### Work order
Your reply must contain the lines from the one with "Since the 1980s, the" through the last line of the material, exact and complete, with no pictures and no other text.

### Data section
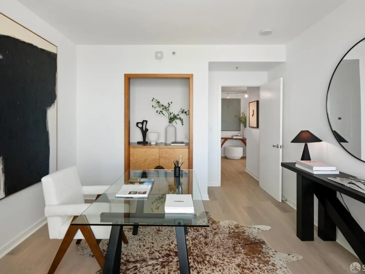 Experience luxe high-rise living in this exceptional 3 bedroom, 2 bath home with sweeping views of the Bay, Bay Bridge, and sparkling City skyline. The formal entrance is a perfect gallery to showcase art and leads to an expansive living area surrounded by floor-to-ceiling windows framing breathtaking views of the Bay Bridge and beyond. Open to the living and dining areas, the chef's kitchen is outfitted with Studio Becker cabinetry, Thermador and Bosch appliances, stone countertops, and a custom island with bar top. New hardwood flooring runs throughout the living space, while custom window treatments provide both light control and privacy. Primary suite with custom walk-in closet and a spa-inspired bath with dual vanities, walk-in shower, soaking tub, and stunning skyline views. Secondary bedrooms enjoy awe-inspiring Bay Bridge views and easy access to the adjacent full bath. Also incl. central A/C, in-unit washer/dryer, built-in speakers and garage parking for 2 cars with EV charger! Infinity's world-class amenities incl: 5,000 sq ft gym, 75-foot indoor pool and spa, sauna, private theater, business center, conference rooms, club lounge w/catering kitchen and bar, outdoor fire pits, 24-hour concierge and security.
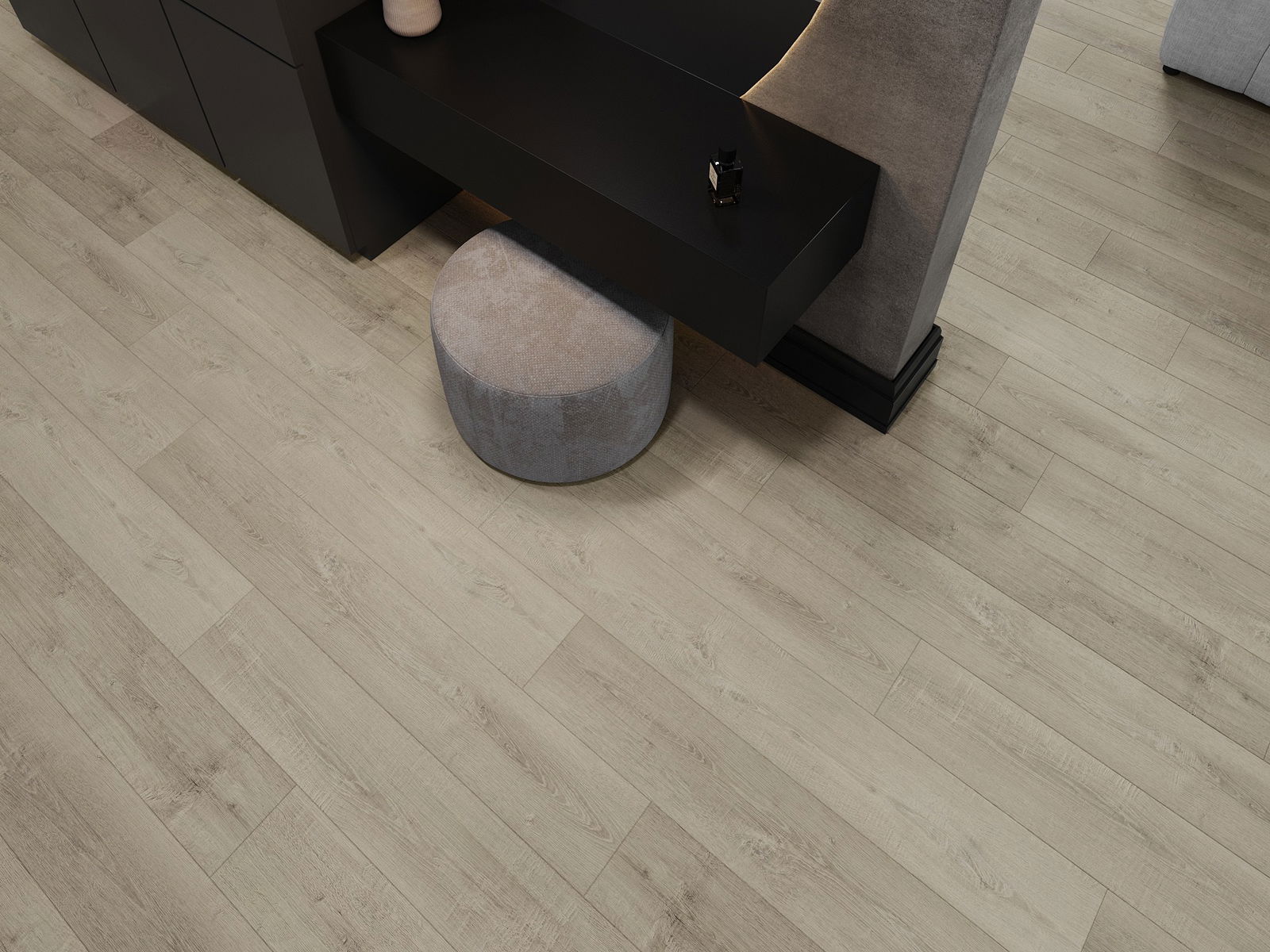 Panelerna har en 4-sidig fog - varje sida har frästs på ett sådant sätt att en V-formad fog skapas när de läggs. Denna design gör att golvet får en tydligare struktur, vilket ger det djup och estetisk karaktär. Denna effekt är särskilt uppskattad i moderna inredningar, där detaljerna betonar interiörens unika utseende.
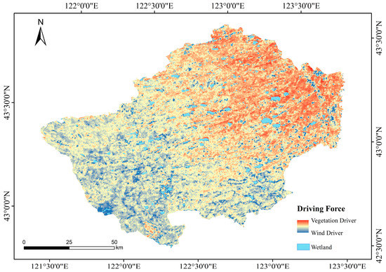 Since the 1980s, the local government has implemented a series of policies and measures to control desertification, such as the “Two Million Mu” Sand Control Demonstration Project, the “Converting Farmland to Forest Project”, and the “Three Norths Shelter Forest System Project (Phase V)”. The construction of these projects is expected to control land desertification and slow down wind erosion by planting trees and grasses in areas under severe desertification in the northwest and north HLBB. The trend of desertification has started to reverse in recent years [32]. However, some remote and broad sandy areas that are relatively difficult to treat are not controlled yet. Identifying the driving factors of wind erosion is the key to overcoming the obstacles of wind erosion control in HLBB.
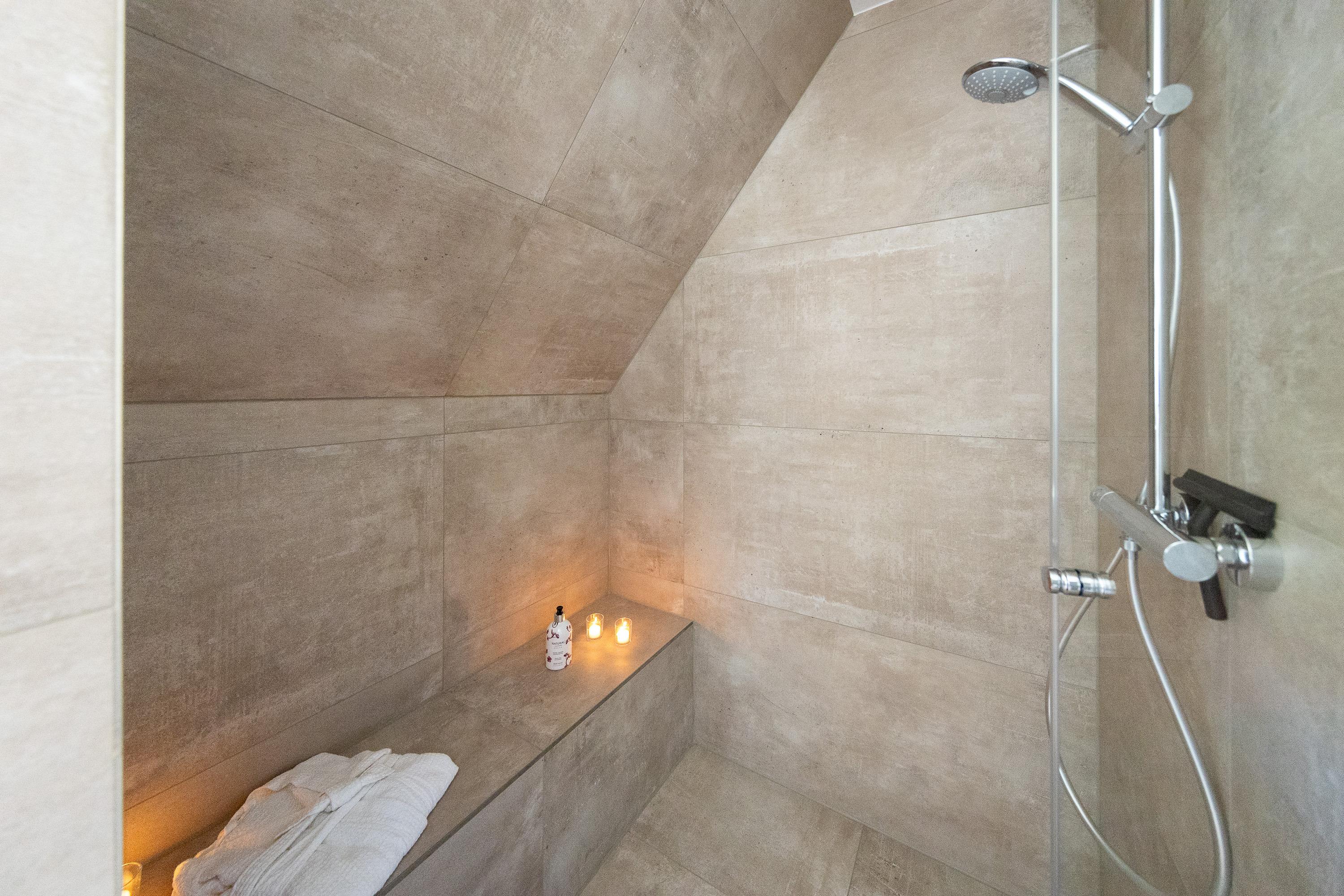Das Ferienhaus bietet zwei moderne Bäder davon eine Dusche mit Sitzbank sowie eine Sauna in der Sie sich nach einem langen Strandtag herrlich entspannen können. Hier können Sie die Wärme genießen und neue Energie tanken.
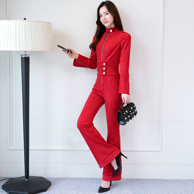 新款 连身裤 名媛气质时尚 显瘦微喇叭长裤 女 麂皮绒连体裤 2026秋冬装

### Expected answer
 Since the 1980s, the local government has implemented a series of policies and measures to control desertification, such as the “Two Million Mu” Sand Control Demonstration Project, the “Converting Farmland to Forest Project”, and the “Three Norths Shelter Forest System Project (Phase V)”. The construction of these projects is expected to control land desertification and slow down wind erosion by planting trees and grasses in areas under severe desertification in the northwest and north HLBB. The trend of desertification has started to reverse in recent years [32]. However, some remote and broad sandy areas that are relatively difficult to treat are not controlled yet. Identifying the driving factors of wind erosion is the key to overcoming the obstacles of wind erosion control in HLBB.
Das Ferienhaus bietet zwei moderne Bäder davon eine Dusche mit Sitzbank sowie eine Sauna in der Sie sich nach einem langen Strandtag herrlich entspannen können. Hier können Sie die Wärme genießen und neue Energie tanken.
 新款 连身裤 名媛气质时尚 显瘦微喇叭长裤 女 麂皮绒连体裤 2026秋冬装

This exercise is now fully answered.